2. Spread: A measure of the amount that the data values vary around the center.
• We saw last time how the mean and standard deviation are related quantities describing these features of sample data or a population.
• The above figure represents the theoretic description of a normal population.
• In particular:
• $$\approx 68\%$$ of the population lies within one standard deviation of the mean, $$[\mu - \sigma, \mu+\sigma]$$;
• $$\approx 95\%$$ of the population lies within two standard deviations of the mean, $$[\mu - 2 \sigma , \mu + 2 \sigma]$$
• $$\approx 99.7%$$ of the population lies within three standard deviations of the mean, $$[\mu - 3 \sigma, \mu + 3 \sigma]$$.
• This is known as the empirical rule, which holds for all normal populations.
• Sample data will tend to follow this, but not exactly, if the measurements come from a normal population.

## Chebyshev's Theorem

• A very similar rule is known as Chebyshev’s theorem:
The proportion (or fraction) of any set of data lying within $$K$$ standard deviations of of the mean is always at least $$1-\frac{1}{K^2}$$ where $$K>1$$.
• Q: suppose $$K=2$$, what does this statement tell us?
• For $$K=2$$, we say at least $1 - \frac{1}{2^2} = 1 - \frac{1}{4} = \frac{3}{4}$ of data lies within $$K=2$$ standard deviations of the mean.
• Note, this holds for any distribution whereas the empirical rule only holds for normal data.
• If we know the population is in fact normal, then $$95\% > 75\% =1 - \frac{1}{2^2}$$ of the population lies within $$K=2$$ standard deviations of the mean.
• We note thus there are two major differences between Chebyshev’s theorem and the empirical rule:
1. The empirical rule only holds for normal data, while Chebyshev’s theorem holds for any type of data.
2. However, Chebyshev’s theorem is only a lower bound on at least how much data lies within standard deviations and is a much weaker statement on how much.
• In either case, these parameters tell us a lot about the center and spread of data, with some qualifications.
• We will now recall how we compute the mean, variance and standard deviation from a probability distribution.
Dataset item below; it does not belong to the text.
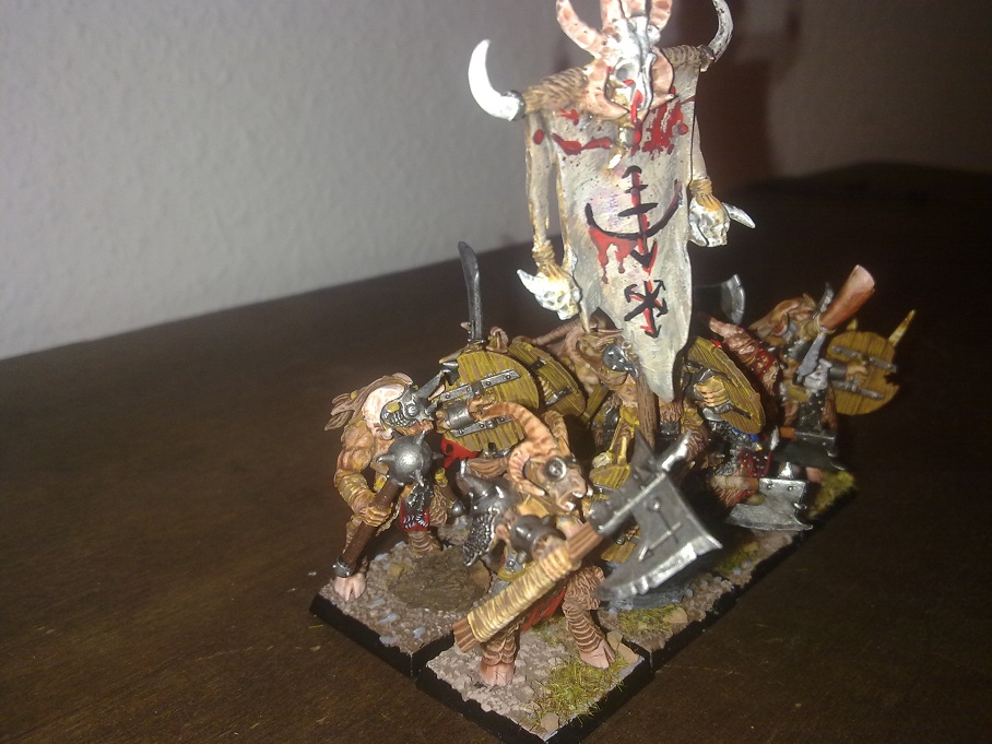 Das Banner sieht auch gut aus, aber warum steht der Träger auf der erhöhten Base?Macht aber was her deine klein Gorherde :0)

## The mean of probability distributions

• Let $$X$$ be a random variable that can attain the possible-to-observe values $$\{x_\alpha \in\mathbf{R}\}$$.
• We say the the probability density function $$f(x_\alpha) = P(X=x_\alpha)$$.
• The mean of the probability distribution $\mu = \sum_{x_\alpha \in \mathbf{R}} x_\alpha P(X=x_\alpha) = \sum_{x_\alpha \in \mathbf{R}} x_\alpha f(x_\alpha)$ is computed like the formula for the mean of a frequency distribution.
• However, because of the difference in the interpretation, the mean of a probability distribution has a special name:
• For a random variable $$x$$ with probability distribution defined by the pairs of values $$\{x_\alpha\}$$ and $$P(X=x_\alpha)$$, the expected value of $$x$$ is defined, $\mu = \mathbb{E}\left[X\right] = \sum_{x_\alpha \in \mathbf{R}} x_\alpha P(X=x_\alpha).$
• We call the mean of the probability distribution the expected value, because it can be thought of as the theoretical mean if we repeated an experiment infinitely many times or sampled the entire population;
• we would expect this value on average, relative to infinitely many experiments.
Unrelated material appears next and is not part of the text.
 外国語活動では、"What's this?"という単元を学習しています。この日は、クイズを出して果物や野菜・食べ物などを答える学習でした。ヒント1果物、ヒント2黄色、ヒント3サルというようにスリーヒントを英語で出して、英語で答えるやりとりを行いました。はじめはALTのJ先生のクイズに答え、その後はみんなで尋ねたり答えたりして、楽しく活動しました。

## Standard deviation of a sample

• Suppose we are considering finite population of size $$N$$.
• Usually, we will not have access to the entire population $$x_1, \cdots, x_N$$.
• Instead, we will only have some smaller subset of values in a sample $$x_1, \cdots, x_n$$ for $$n< N$$.
• Our sample standard deviation can be computed as $s = \sqrt{\frac{\sum_{i=1}^n\left(x_i - \overline{x}\right)^2}{n-1}}$
• or $s = \sqrt{\frac{n \left(\sum_{i=1}^n x_i^2 \right) - \left(\sum_{i=1}^n x_i\right)^2}{n\left(n-1\right)}}.$
• However, this differs from computing the population standard deviation as $\sigma = \sqrt{\frac{\sum_{i=1}^N \left(x_i - \mu\right)^2}{N}}.$
• One key difference to remember is that for the sample standard deviation, we have a very different denominator than with the population standard deviation.

## Variance

• The word variance also has a specific meaning in statistics and is another tool for describing the variation / dispersion / spread of the data.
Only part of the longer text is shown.